Chitosan or polygalactosamine, a homogeneous solution is quickly obtained, and is maintained
The solution at room temperature for a time which can vary from 12 to 48 hours and even more, depending on the oligoglucosaminyl fluoride or fluorides that is to be obtained.

se dissout facilement dans le fluorure d'hydrogène mais se dégrade également dans cet acide en oligosaccharides fluorés ayant des masses moléculaires plus faibles. Plus Le temps de réaction est important et la température élevée, plus la dégradation augmente et plus les oligosaccharides fluorés recueillis ont des masses moléculaires faibles.Indeed, chitosan, which is a polysaccharide corresponding to the formula below,

readily dissolves in hydrogen fluoride but also degrades in this acid to fluorinated oligosaccharides having lower molecular weights. The longer the reaction time and the higher the temperature, the greater the degradation and the more the recovered fluorinated oligosaccharides have low molecular weights.

 Also, the proportion and mass distribution of the components of the mixture of fluorinated oligosaccharides can be controlled by acting on the contact time between the hydrogen fluoride and the chitosan or polygalactosamine so as to obtain the desired constituents.

 Thus, a treatment time of the order of 12 hours makes it possible to preferentially obtain fluorinated oligosaccharides from d.p. greater than 15; a treatment time of 12h to 48h leads to the oligosaccharides of d.p. 1 to 10 while a treatment time greater than 48 hours leads exclusively to fluorinated monosaccharide.
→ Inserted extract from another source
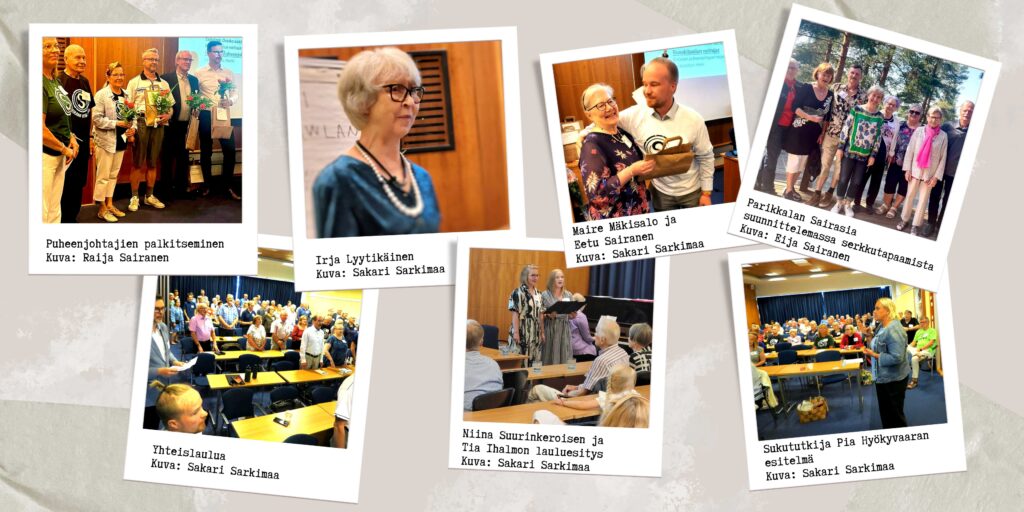 Sairasten sukuseura juhli 30-vuotista toimintaansa Imatran kylpylässä 9.8.2025. Juhlapuhuja vertaili tekoälyä ja sukua toisiinsa: mummo ja ukki vievät voiton tekoälystä 6-0.

 In the case of chitosan, when the chitosan solution is maintained in anhydrous hydrogen fluoride for a period of at least 48 hours at room temperature, the degradation of chitosan is complete and only the corresponding fluorinated monosaccharide is recovered. The 2-amino-2-deoxy-alpha-D-glucopyranosyl fluoride of formula (II) described above.

 Therefore, the reaction time varies depending on the desired average mass distribution.
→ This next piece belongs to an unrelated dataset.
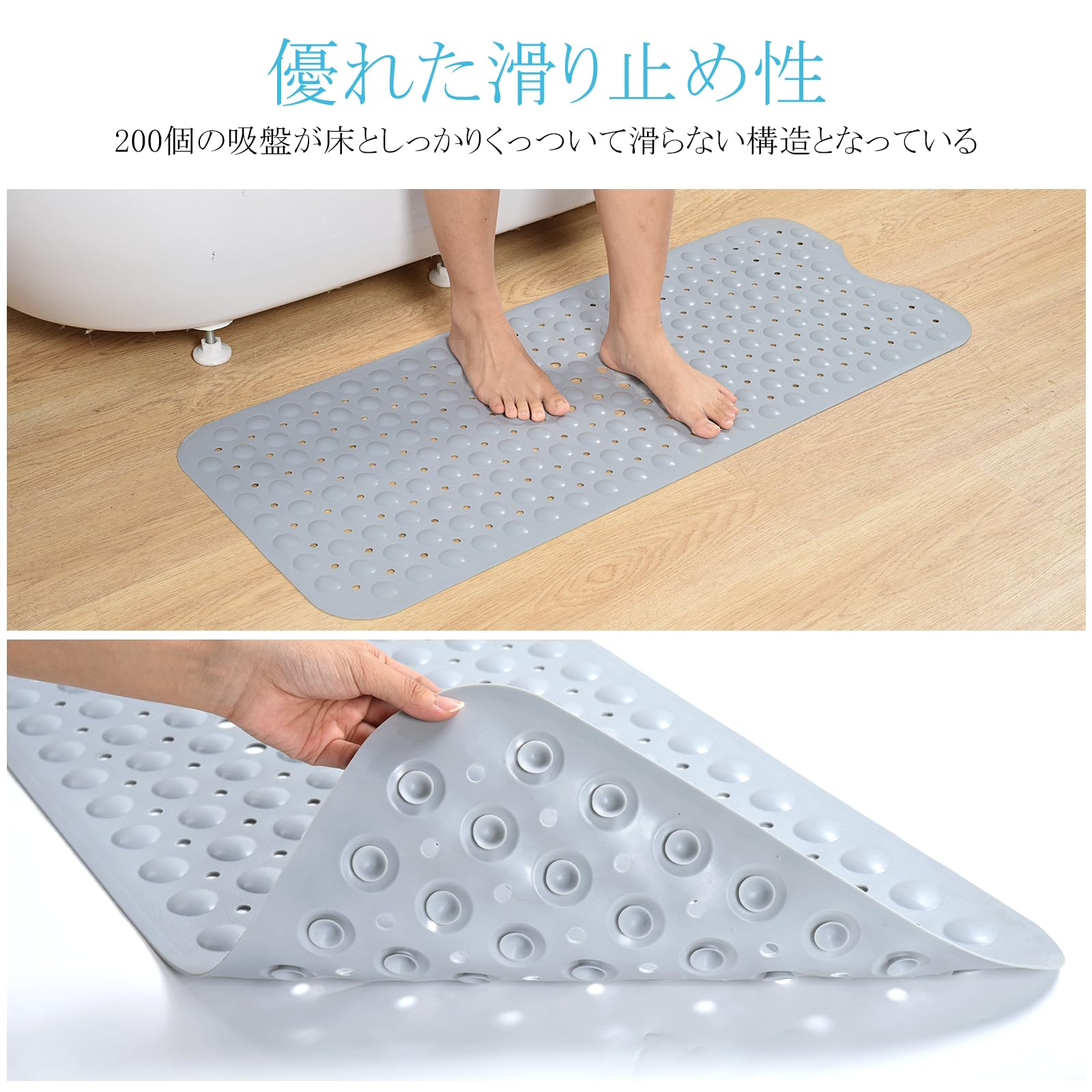 TUYOBI バスマット お風呂 浴室内 滑り止め 吸盤付き 介護用 浴槽内 防カビ 抗菌 すのこ 転倒防止 速乾 TPE製 マッサージ機能 清潔 大判 グレー 58*88CM

 In order to then isolate the obtained fluorinated oligosaccharides, the hydrogen fluoride can be evaporated by entraining by means of air, and then the residue is subjected to a separation process by chromatography.
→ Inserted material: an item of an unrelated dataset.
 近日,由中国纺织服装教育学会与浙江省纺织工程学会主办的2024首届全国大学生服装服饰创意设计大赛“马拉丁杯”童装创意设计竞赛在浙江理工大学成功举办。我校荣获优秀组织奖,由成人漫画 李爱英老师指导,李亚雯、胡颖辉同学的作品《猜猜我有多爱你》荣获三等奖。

This can be done using a column filled with a product such as Bio-GeL
P-4.

 The solid residue is introduced into the cotton wool after having been dissolved in ammonium acetate (50 mM) brought to pH = 4.5 by addition of acetic acid, and the elution can then be carried out with the same solvent. As has been seen previously, the glucosaminyl fluoride of formula (II) can be prepared by the method described above starting from chitosan. It can also be prepared directly from 2-amino-2-deoxy-D-glucose by dissolving 2-amino-2-deoxy-D-glucose or one of its salts in anhydrous hydrogen fluoride and then recovering the fluoride of formula (11) present in the solution.

The salts which may be used as starting products may in particular be the hydrochloride,
Nitrate or any salt of mineral acid.

 To recover the fluoride of formula (II) present in the solution, the hydrofluoric acid can be removed from the solution by evaporation, for example under reduced pressure.

 The fluoride of formula (II) can also be recovered by precipitation by adding to the solution ethyl ether or a similar product which does not dissolve the fluoride of formula (II) while being compatible with hydrogen fluoride.

 The aldosaminyl fluorides of formula (Ia) and (Ib) obtained from chitosan or a polygalactosamine by the method described above, have a high stability due to the presence, in the vicinal position of the anomeric center, of a protonable amino group which decreases the stability of the carbonium ion which would result in an intermediate manner from such a rupture of the carbon-fluorine bond in a protonating medium. Also, they can not be hydrolysed by simple addition of water to the corresponding non-fluorinated oligosaccharides.

 However, according to the invention it was possible to obtain the corresponding non-fluorinated oligosaccharides by carrying out the hydrolysis under different conditions.

 Also, the present invention also relates to a process for the manufacture of oligosaccharides of 2-amino-2-deoxy-D-glucopyranose bound 6 ^ (1 + 4) which comprises hydrolyzing the oligogiucosaminyl fluoride of formula (Ia).

 It also relates to a process for the preparation of oligosaccharides of 2-amino-2-desoxy-D-galactopyranose related to a- (1 @ 4), characterized in that it consists in hydrolyzing the oligogalactosaminyl fluoride of formula (Ib) .

 According to a first embodiment of these processes, the hydrolysis is carried out by reacting the fluoride (s) of formula (Ia) or (Ib) with an aqueous solution of perchloric acid.

 This reaction makes it possible to convert the otigoglucosaminyl fluoride of formula (Ia) into the corresponding oligosaccharide, as appears in the reaction scheme of FIG. 1, which is preferred over the oligoglucosaminyl fluorides of formula (Ia).

 To carry out this reaction, the dry residue obtained by fluorolysis of chitosan is generally used and this residue is dissolved in a solution of perchloric acid. It is possible to operate at room temperature, but it is generally preferred to heat the solution to a temperature of 300 ° C. to 800 ° C., for example 600 ° C.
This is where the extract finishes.